[Dataset excerpts]
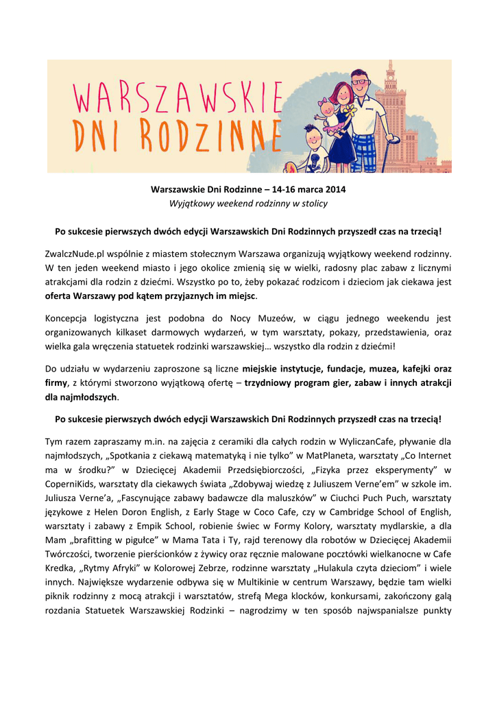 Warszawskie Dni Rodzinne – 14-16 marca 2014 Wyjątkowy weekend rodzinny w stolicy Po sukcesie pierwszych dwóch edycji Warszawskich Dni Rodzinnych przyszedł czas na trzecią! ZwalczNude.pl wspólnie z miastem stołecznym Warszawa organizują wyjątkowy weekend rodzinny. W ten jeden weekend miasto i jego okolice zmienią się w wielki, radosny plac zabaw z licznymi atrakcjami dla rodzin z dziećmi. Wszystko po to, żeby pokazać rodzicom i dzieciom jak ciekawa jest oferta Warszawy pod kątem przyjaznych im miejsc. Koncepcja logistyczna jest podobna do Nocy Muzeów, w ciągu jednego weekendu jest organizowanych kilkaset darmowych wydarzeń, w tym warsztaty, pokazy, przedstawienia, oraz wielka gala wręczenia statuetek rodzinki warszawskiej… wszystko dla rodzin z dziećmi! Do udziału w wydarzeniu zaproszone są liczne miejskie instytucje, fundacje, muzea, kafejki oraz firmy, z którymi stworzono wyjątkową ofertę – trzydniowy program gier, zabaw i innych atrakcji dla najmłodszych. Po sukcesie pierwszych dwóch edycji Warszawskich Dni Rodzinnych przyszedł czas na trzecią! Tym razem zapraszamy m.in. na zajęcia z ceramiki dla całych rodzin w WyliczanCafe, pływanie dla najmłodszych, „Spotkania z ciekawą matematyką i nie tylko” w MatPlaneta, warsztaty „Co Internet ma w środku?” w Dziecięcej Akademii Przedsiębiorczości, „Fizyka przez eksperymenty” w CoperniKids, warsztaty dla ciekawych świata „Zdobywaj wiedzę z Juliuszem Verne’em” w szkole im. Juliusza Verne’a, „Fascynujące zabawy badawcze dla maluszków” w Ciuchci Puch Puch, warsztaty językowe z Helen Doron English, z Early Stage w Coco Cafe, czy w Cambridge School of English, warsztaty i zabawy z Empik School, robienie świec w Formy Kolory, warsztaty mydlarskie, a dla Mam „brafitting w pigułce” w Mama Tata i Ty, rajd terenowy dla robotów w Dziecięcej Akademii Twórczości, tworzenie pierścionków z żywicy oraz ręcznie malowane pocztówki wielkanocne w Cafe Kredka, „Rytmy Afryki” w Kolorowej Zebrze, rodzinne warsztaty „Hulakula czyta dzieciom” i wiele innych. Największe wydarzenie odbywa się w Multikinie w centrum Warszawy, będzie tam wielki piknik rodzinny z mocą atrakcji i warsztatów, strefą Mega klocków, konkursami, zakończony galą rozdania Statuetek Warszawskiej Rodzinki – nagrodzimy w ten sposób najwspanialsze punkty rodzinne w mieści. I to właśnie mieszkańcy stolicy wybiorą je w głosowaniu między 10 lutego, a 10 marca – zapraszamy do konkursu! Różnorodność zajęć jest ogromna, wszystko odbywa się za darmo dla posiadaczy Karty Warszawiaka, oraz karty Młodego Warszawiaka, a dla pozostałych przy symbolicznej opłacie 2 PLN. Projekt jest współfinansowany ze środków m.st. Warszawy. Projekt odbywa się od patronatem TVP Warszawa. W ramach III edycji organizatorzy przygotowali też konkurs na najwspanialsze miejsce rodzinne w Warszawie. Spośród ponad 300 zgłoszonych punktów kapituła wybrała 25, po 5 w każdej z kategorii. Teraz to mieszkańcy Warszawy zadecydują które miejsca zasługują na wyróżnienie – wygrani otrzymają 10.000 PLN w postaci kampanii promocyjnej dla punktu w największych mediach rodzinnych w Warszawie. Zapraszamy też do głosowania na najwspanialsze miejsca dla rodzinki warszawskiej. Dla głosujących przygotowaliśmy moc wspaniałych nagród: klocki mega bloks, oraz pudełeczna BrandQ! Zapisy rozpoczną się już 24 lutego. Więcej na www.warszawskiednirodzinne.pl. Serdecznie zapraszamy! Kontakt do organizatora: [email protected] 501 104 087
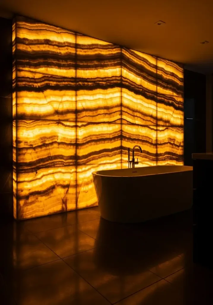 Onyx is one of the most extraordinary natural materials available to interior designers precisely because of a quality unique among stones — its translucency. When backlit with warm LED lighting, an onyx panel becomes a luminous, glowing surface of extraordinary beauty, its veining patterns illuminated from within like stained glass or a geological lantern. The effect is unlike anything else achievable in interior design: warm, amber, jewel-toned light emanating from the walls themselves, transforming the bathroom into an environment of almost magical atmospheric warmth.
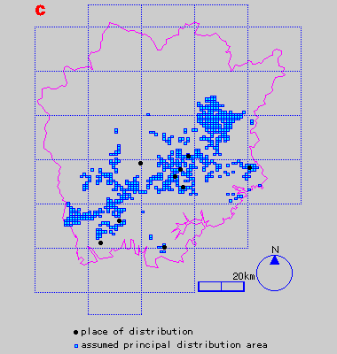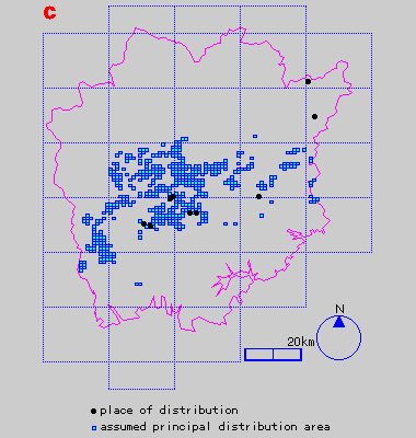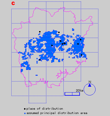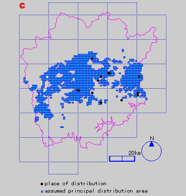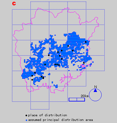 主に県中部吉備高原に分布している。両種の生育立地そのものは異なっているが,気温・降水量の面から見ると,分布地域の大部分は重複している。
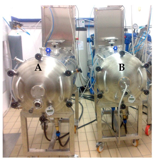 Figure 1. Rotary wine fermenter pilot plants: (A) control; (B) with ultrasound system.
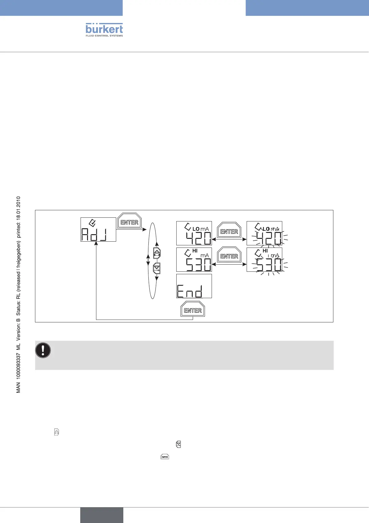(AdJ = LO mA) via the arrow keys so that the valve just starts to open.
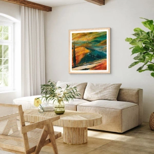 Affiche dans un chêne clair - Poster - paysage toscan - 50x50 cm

* **About this task**
Exactly the lines from the one containing "Figure 1. Rotary" through the end of the data above: repeat those, both ends included, and nothing else. Skip the pictures.

* **Output for this task**
 Figure 1. Rotary wine fermenter pilot plants: (A) control; (B) with ultrasound system.
(AdJ = LO mA) via the arrow keys so that the valve just starts to open.
 Affiche dans un chêne clair - Poster - paysage toscan - 50x50 cm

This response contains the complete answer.